> [What is needed]: At the line with "操作系统选Windows-Server-2022,然后点击立即购买。", start transcribing; stop after the last line of the data below. Keep it exact and leave pictures out.

> [Data records]:

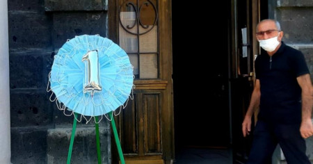 «Ապաշնորհների պատճառով կորցրեցինք սեպտեմբերի 1-ի խորհուրդը». ի նշան բողոքի՝ գյումրեցիները դիմակներով պսակ են նվիրել Շիրակի մարզպետարանին
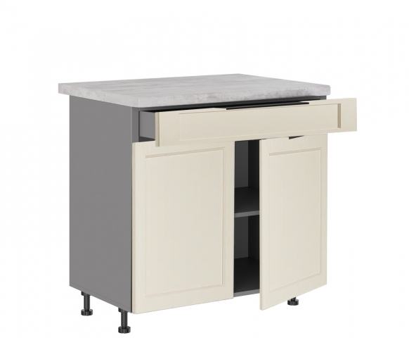 Нижня кухонна тумба Н80ДШ кухня Анна Світ Меблів допоможе грамотно спланувати кухонний простір: і вільного місця буде більше, і господині зручно готувати та сформує додаткову зону для зберігання кухонного інвентарю на кухні. Дана конструкція оснащена двома дверцятами з одним закритим відділенням з поличкою всередині та однією висувною шухлядою з роликовими направляючими, де можна розмістити різне кухонне приладдя, посуд, техніку і багато чого іншого. Стільниця комплектується та продається окремо. Додатково до тумби можна замовляти цокольні планки, які запобігають попаданню вологи та бруду, або регульовані ніжки у кольорі алюміній замість царги. Корпус виготовляється з якісного ламінованого ДСП у популярних кольорових рішеннях на вибір «білий», «дуб сонома», «графіт», «попелястий» та «дуб крафт золотий» з фасадами з фарбованого МДФ у кольорових рішеннях на вибір «айворі», «аквамарин темний», «балі зелений», «білий шовк», «графіт», «капучіно», «кораловий», «червоний», «лаванда», «м'ята», «нефрит», «пломбірі», «пудровий», «сірий оксамит», «шоколад». Унікальна кухня Анна Світ Меблів дозволить Вам спроектувати кухню, використовуючи її потенціал таким чином, щоб повсякденне приготування їжі приносило задоволення.
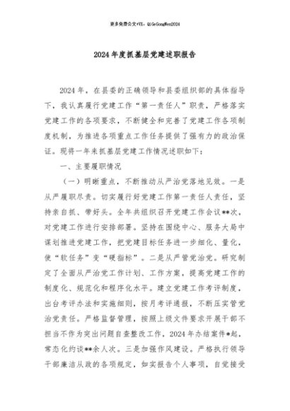 / 【七哥公文】2024年:2024年度抓基层党建述职报告+更多免费公文+VX:QiGeGongWen2024
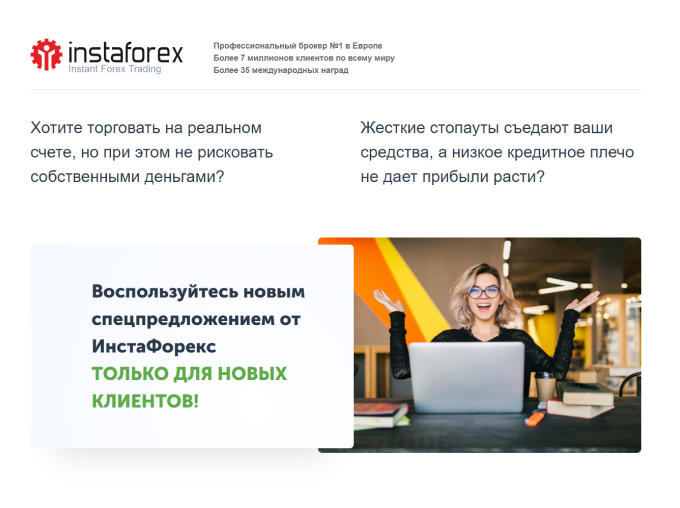 Eng yuqori kredit qo’llab-quvvatlash va eng past stopyut chegarasi. 100% bonus va to’ldirilmasa ham bonusni amalga oshirish uchun. InstaForex savdo shartlari mijozlarning daromad olishlari uchun yaratilgan.
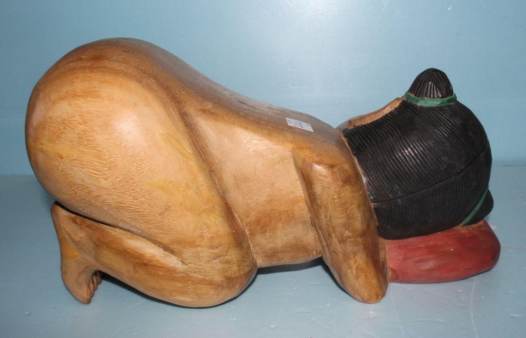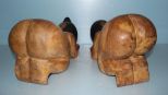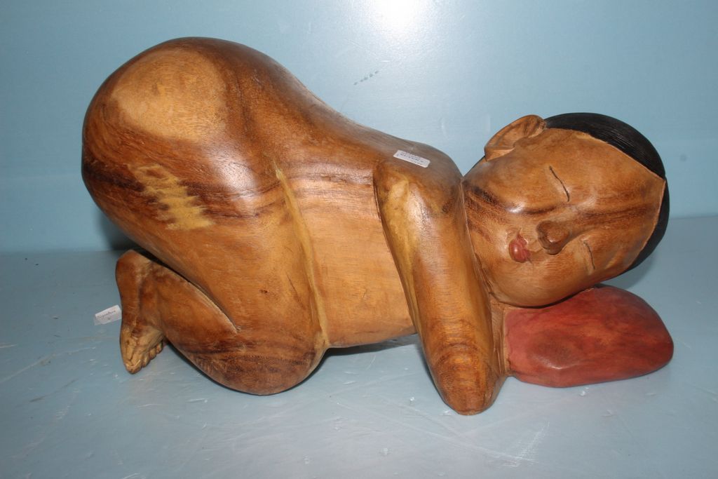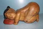 Pair hand carved Elm wood sleeping Asian children pillows; 15" w., 10" h. Pair hand carved Elm wood sleeping Asian children pillows; 15" w., 10" h.
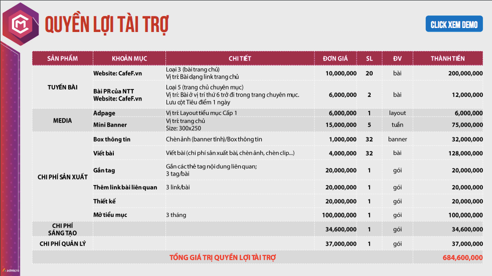Quyền lợi truyền thông nhận được: 684.600.000 VND (tiết kiệm 26%)
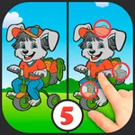 Spot five differences between two images! This is a classic game for kids. Once you find the difference, tap the area on the screen to spot the difference between two pictures. Spot the difference is a great way to exercise the brain for kids and improve their visual observation skills!
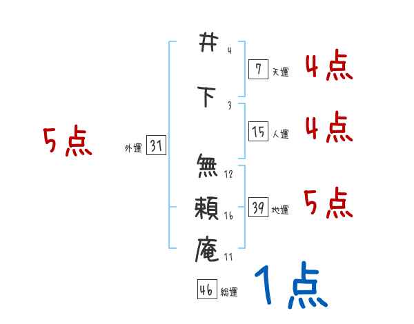 総運![]() | 井下無頼庵さんの総運は46画の1つ星!迷走することが多く苦労するかも。目先のことにとらわれないように。 あなたの人生を表す1番重要な運勢です。生涯を通じて影響する総合運となり、主に50歳以降の晩年期に影響を及ぼします。 |
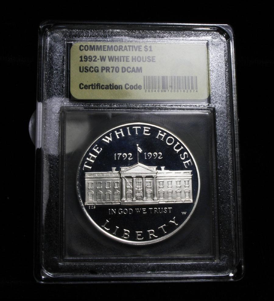 The 1992 White House Silver Dollar was released to mark the 200th anniversary of the White House. The cornerstone for the structure was originally placed on October 13, 1792. This proof dollar is graded PF70 DCAM by USCG. PCGS lists a PR70 Dam at $800 Estimated Value $250.
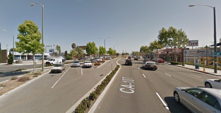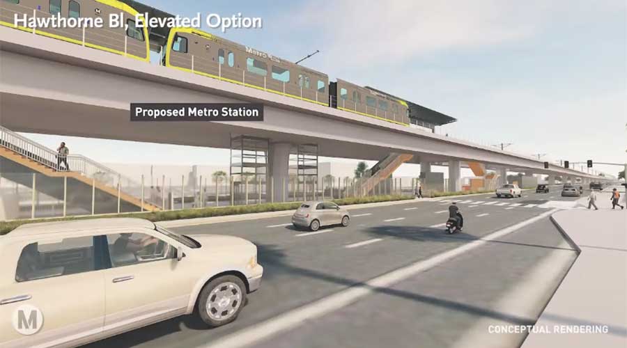 To get to Hawthorne Boulevard, elevated rail would to run in Caltrans 405 Freeway right-of-way. Caltrans typically strongly opposes these sorts of incursions into its freeway right-of-way (which it wants to preserve for freeway expansion).
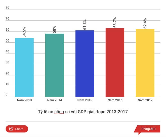 Thừa nhận áp lực trả nợ thời gian qua là lớn, Bộ trưởng Đinh Tiến Dũng thống kê, giai đoạn 2011-2015, nợ công tăng bình quân một năm 18,4%. Tuy nhiên, đến năm 2016 và năm 2017, theo Bộ trưởng, tỷ lệ này đang chậm lại, năm 2016 khoảng 15% và năm 2017 là 9%. Báo cáo ngành tài chính cho thấy, tỷ lệ nợ công trên GDP năm 2016 khoảng 63,7% và dự kiến đạt 62,6% năm 2017.
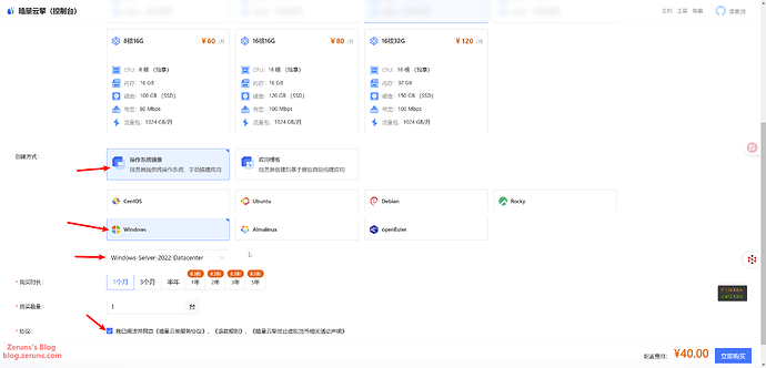 操作系统选Windows-Server-2022,然后点击立即购买。
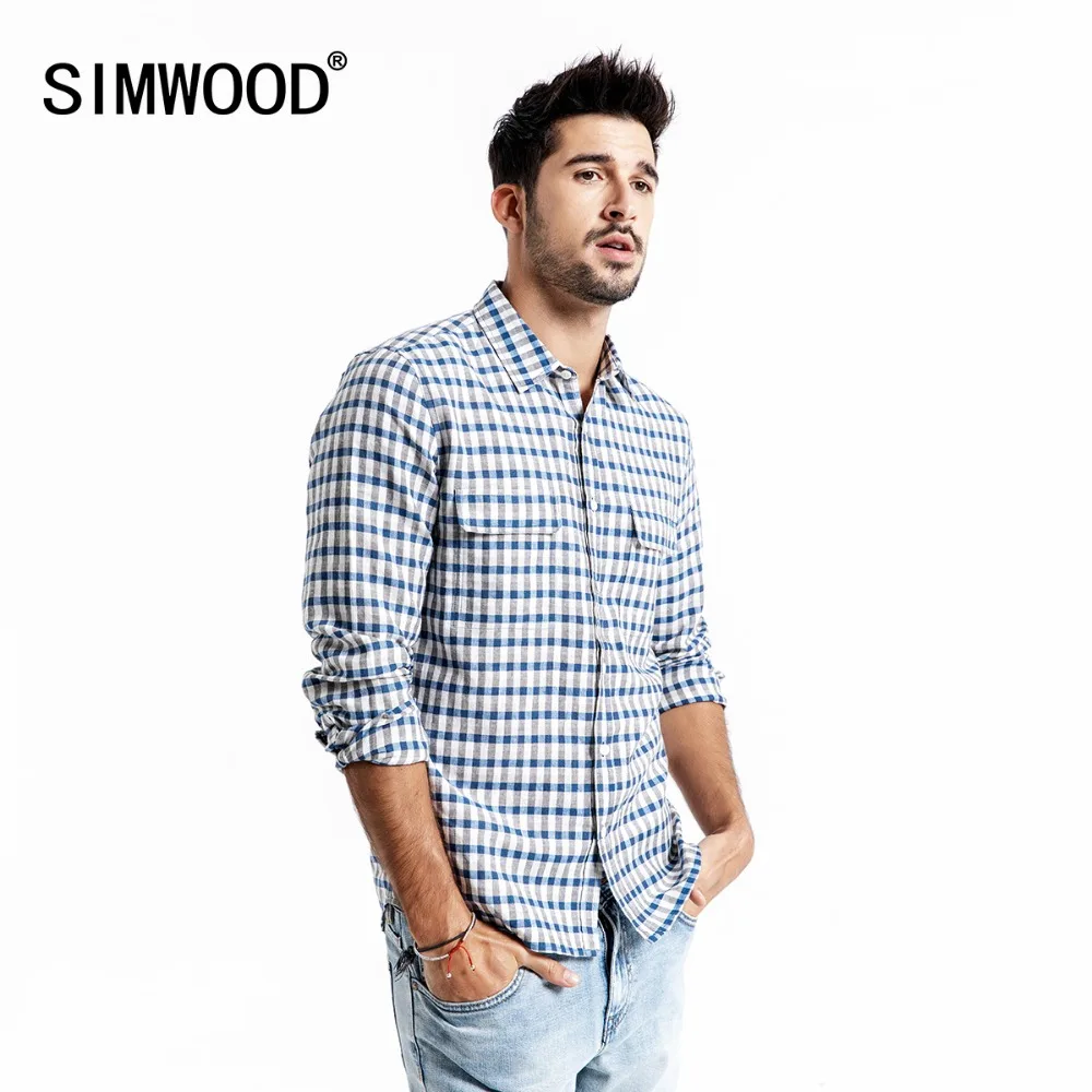 شراءمعلومات اضافية SIMWOOD عارضة قميص الرجال العلامة التجارية الكتان 2019 الخريف أزياء الشارع الشهير كم طويل قمصان مربعة النقش الذكور Camisa الغمد 190174

> [Expected answer]:
 操作系统选Windows-Server-2022,然后点击立即购买。
 شراءمعلومات اضافية SIMWOOD عارضة قميص الرجال العلامة التجارية الكتان 2019 الخريف أزياء الشارع الشهير كم طويل قمصان مربعة النقش الذكور Camisa الغمد 190174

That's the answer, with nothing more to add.